Is this applicable to the CUDA version?
Haven't tried.
How will this affect fine tuning?
No idea.
Wow, what CPU is that?!
It's an AMD Ryzen Threadripper PRO 7995WX.
different activation functions and resources
Your fastest activation function is going to be vectorized SiLU. https://news.ycombinator.com/item?id=40371612 erff() is a lot simpler than tanhf() but SiLU uses expf() which is even simpler and less branchy.
/* Efficient implementation of erff()
using either a pure polynomial approximation or
the exponential of a polynomial.
Worst-case error is 1.09ulps at 0x1.c111acp-1.
From the Optimized Routines by Arm Limited. */
float erff(float x) {
union {
float f;
unsigned i;
} pun = {x};
float r, x2, u;
unsigned ix = pun.i;
unsigned sign = ix >> 31;
unsigned ia12 = (pun.i >> 20) & 0x7ff;
if (ia12 < 0x3f6) {
if (ia12 >= 0x318) {
x2 = x * x;
r = -0x1.3a1a82p-11f;
r = fmaf(r, x2, +0x1.473f48p-08f);
r = fmaf(r, x2, -0x1.b68bd2p-06f);
r = fmaf(r, x2, +0x1.ce1a46p-04f);
r = fmaf(r, x2, -0x1.8126e0p-02f);
r = fmaf(r, x2, +0x1.06eba6p-03f);
r = fmaf(r, x, x);
} else {
if (ia12 >= 0x040)
r = x + 0x1.06eba8p-3f * x;
else
r = fmaf(0x1.06eba8p-3f, x, x);
}
} else if (ia12 < 0x408) {
float a = fabsf(x);
r = fmaf(0x1.222900p-16f, a, -0x1.91d2ccp-12f);
u = fmaf(0x1.fd1336p-9f, a, -0x1.8d6300p-6f);
x2 = x * x;
r = fmaf(r, x2, u);
r = fmaf(r, a, 0x1.b55cb0p-4f);
r = fmaf(r, a, 0x1.450aa0p-1f);
r = fmaf(r, a, 0x1.079d0cp-3f);
r = fmaf(r, a, a);
r = expf(-r);
if (sign)
r = -1.f + r;
else
r = 1.f - r;
} else {
if (ia12 < 0x7f8) {
if (sign)
r = -1.f;
else
r = 1.f;
} else {
r = (1.f - (float)((ix >> 31) << 1)) + 1.f / x;
}
}
return r;
}
I'm curious what iteration speeds pytorch gets on your CPU.

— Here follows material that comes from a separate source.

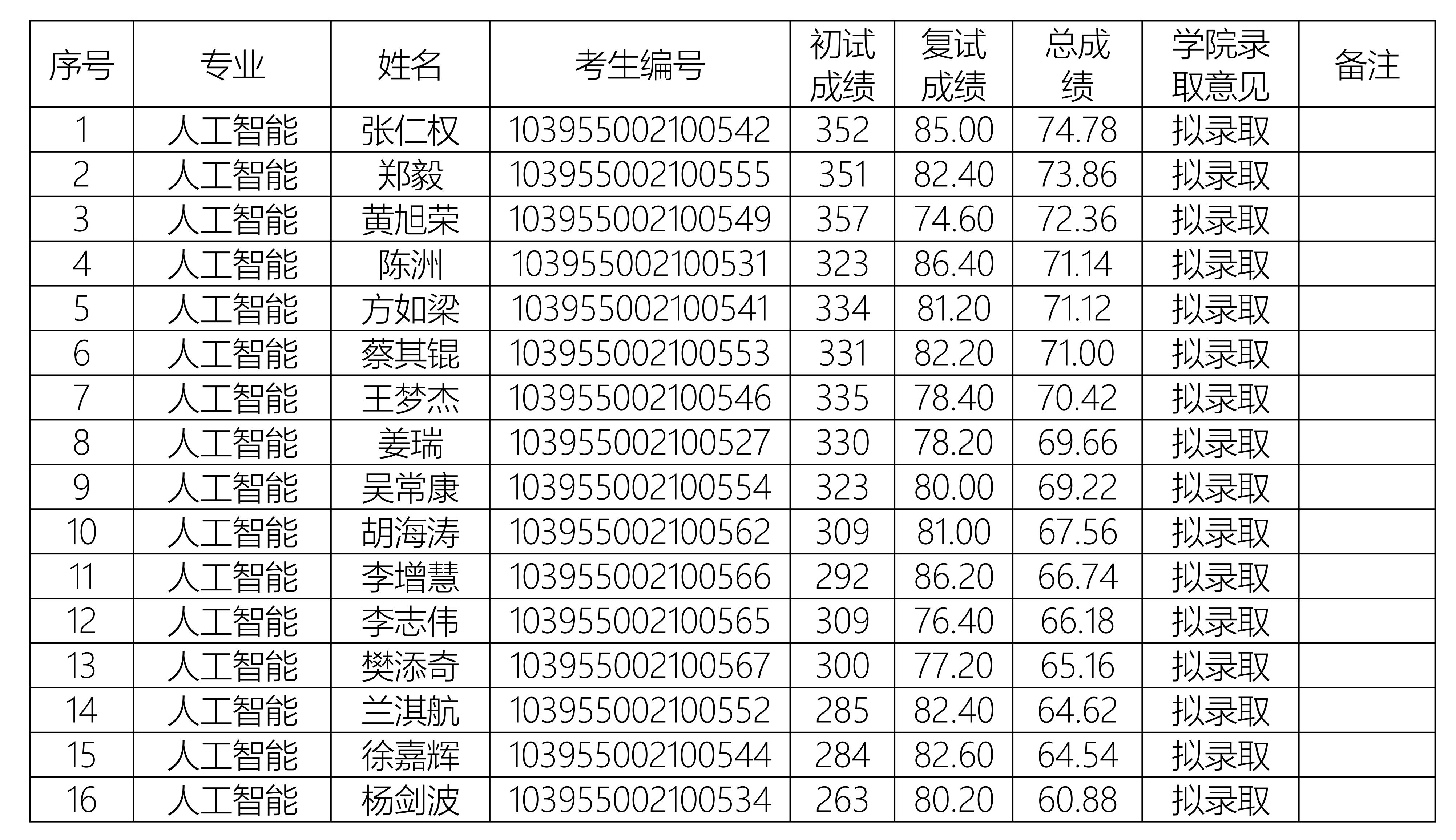 根据《中文字幕 计算机与大数据学院2025年硕士研究生招生复试调剂录取实施细则》,中文字幕 于2025年3月30日对以下考生进行复试,复试结果如下:

iteration 1, loss: 5.2700, time: 347.339ms, tok/s: 737.03, norm: 60.996
iteration 2, loss: 4.0607, time: 295.749ms, tok/s: 865.60, norm: 17.079
iteration 3, loss: 3.3165, time: 294.709ms, tok/s: 868.65, norm: 14.776
iteration 4, loss: 2.7115, time: 294.072ms, tok/s: 870.54, norm: 13.203
iteration 5, loss: 2.1703, time: 295.474ms, tok/s: 866.40, norm: 12.374
iteration 6, loss: 1.6350, time: 296.282ms, tok/s: 864.04, norm: 10.551
iteration 7, loss: 1.1419, time: 295.474ms, tok/s: 866.41, norm: 9.788
iteration 8, loss: 0.7040, time: 294.553ms, tok/s: 869.11, norm: 7.976
iteration 9, loss: 0.3771, time: 294.848ms, tok/s: 868.24, norm: 6.243
iteration 10, loss: 0.1743, time: 294.942ms, tok/s: 867.97, norm: 3.609
Hi @jart it's nice to see you stop by! I don't think I can merge this because (for educational and historic reasons) I am trying to be compatible with GPT-2 and the checkpoints that OpenAI has released, in the current version of the code. It's possible that in the future we'll diverse from Exact-GPT-2 and this would make a lot more sense then, but in that case we'd probably also shift from GeLU to something that (probably?) works a bit better - GeGLU / SwiGLU or etc.